A container is a lightweight unit of software that includes application code and all its dependencies such as binary code, libraries, and configuration files for easy deployment across different computing environments. Since a container is self-contained and includes all dependencies, the application it supports will run reliably across different computing environments.
Containers are used to get software to run reliably when moved from one computing environment to another (e.g., from a physical machine in a datacenter to a virtual machine (VM) in the public cloud).
Back in 2007, some Google engineers added features to the Linux kernel under the umbrella term cgroups; native and intrinsic to the kernel, these features provided functionality to limit and isolate the resources (CPU, memory, disk I/O, network, etc.) used by collections of processes. Leveraging these features allowed containers to appear – namely LXC (Linux Containers), an OS-level virtualization method for running multiple isolated Linux systems (containers) on a control host using a single Linux kernel.
In addition to the Cgroup resource control, functionality was provided for namespace isolation, as well as complete isolation of an application’s view of the operating environment, including process trees, networking, user IDs, and mounted file systems. In other words, a way of securely virtualizing an application was provided within the Linux Kernel itself without the need to spin-up a virtual machine (VM).
In traditional virtualization, each VM has its own OS. This means segregating applications by putting them in separate VMs has high overhead, as it involves spinning up the VM and resourcing it both in terms of time and hardware. In contrast, containers are very scalable and lightweight, and also very secure particularly, as they can only interact through defined interfaces. Often, containers are referred to as virtual environments (VE), and because it’s built into the kernel, there’s no emulation overhead and you get native performance.
There’s no single way of defining containers; and several genres extending LXC have evolved. Docker is probably the most-high profile; it abstracts the end-user a bit further and automates the process of defining containers, how they communicate, etc. There’s a useful FAQ on the Docker site that explains this further, including the container configuration and templating functionality. One of the key features is that Docker provides a mechanism to generate containers that are portable across different machines, although numerous other mechanisms to do this exist.
Once we have containers, we now have a solution to the problem of those in-application / “it works on MY machine” bugs; if an application is deployed within a container, its view of the world is always the same. The segregation/sandboxing means another application can’t overwrite the memory being used and so on. Containers can be useful for individual developers and managed/scripted on a small scale by numerous mechanisms. At scale, orchestration frameworks such as Kubernetes (K8s) are often leveraged to manage and leverage containers.
It also worth noting that whilst the Kubernetes framework (for orchestrating / managing containers) is open sourced, Docker is a proprietary product, acquired by Mirantis in 2019.
The term “container image” refers to the package of software that includes everything needed to run an application: code, runtime, system tools, system libraries and settings. Container images become containers at runtime.

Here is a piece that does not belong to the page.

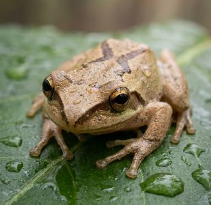 It’s truly amazing how much sound can come out of a creature so small. Spring peepers are three-quarters of an inch to an inch-and-a-quarter in length. They are wee animals, far smaller than their cousins, the toads and frogs (as a matter of fact, most frogs could eat them). They are light brown to grey with a dark diagonal cross or “x” on their back.

Containers execute on a Container engine. There are different container engines available today. The popular ones include:
When it comes to defining virtual machines, the name says it all – machines (servers or desktops) that have been virtualized. The operating system, applications, and services are all bundled into a single image that is accessed via a hypervisor, built on virtualized hardware.
Containers, such as Docker, are slightly different. Containers typically contain a single app or microservice, alongside the various runtime libraries they need to run. Importantly, they do not contain an operating system and they do not need a hypervisor to run – they run on a shared engine kernel, thus effectively operating on bare metal.
More details on the differences are covered in, Containers vs VM & Virtual Machines | eG Innovations, information on when you may choose to use Containers vs. Virtual Machines (VM) is also covered.
Containers are strictly defined, and as such, how they can communicate can be very tightly controlled and limited, so applications can be built for very specific tasks, which are only allowed to communicate with a very restricted audience. This type of architecture allows for microservices, which are inherently very secure and scalable. Containers support small, very specific applications which can do very bespoke tasks and provide very specific services (e.g., order a bank statement for a customer). Microservice architectures have a vast array of benefits: low attack surface, so it’s secure; clearly defined functionality, so ownership and maintenance can be easier.
There are of course security considerations around containers particularly when used at scale and there are some best practices to enhance container security around:
Popular monitoring choices for gaining visibility into containers include: Prometheus, Grafana, Datadog, eG Enterprise, New Relic, Dynatrace, Sysdig Monitor, AppDynamics, Instana, Splunk, Elastic Stack (Elasticsearch, Logstash, Kibana) and more.
Some of these are commercial products with enterprise support packages available and some are open-source / freeware options. The pros and cons of choosing open-source monitoring tools (including some of those specifically mentioned above) are covered, here: Top Freeware and Open-source IT Monitoring Tools.
A good container monitoring solution will allow monitoring in production and will auto-deploy monitoring within automation and orchestration frameworks.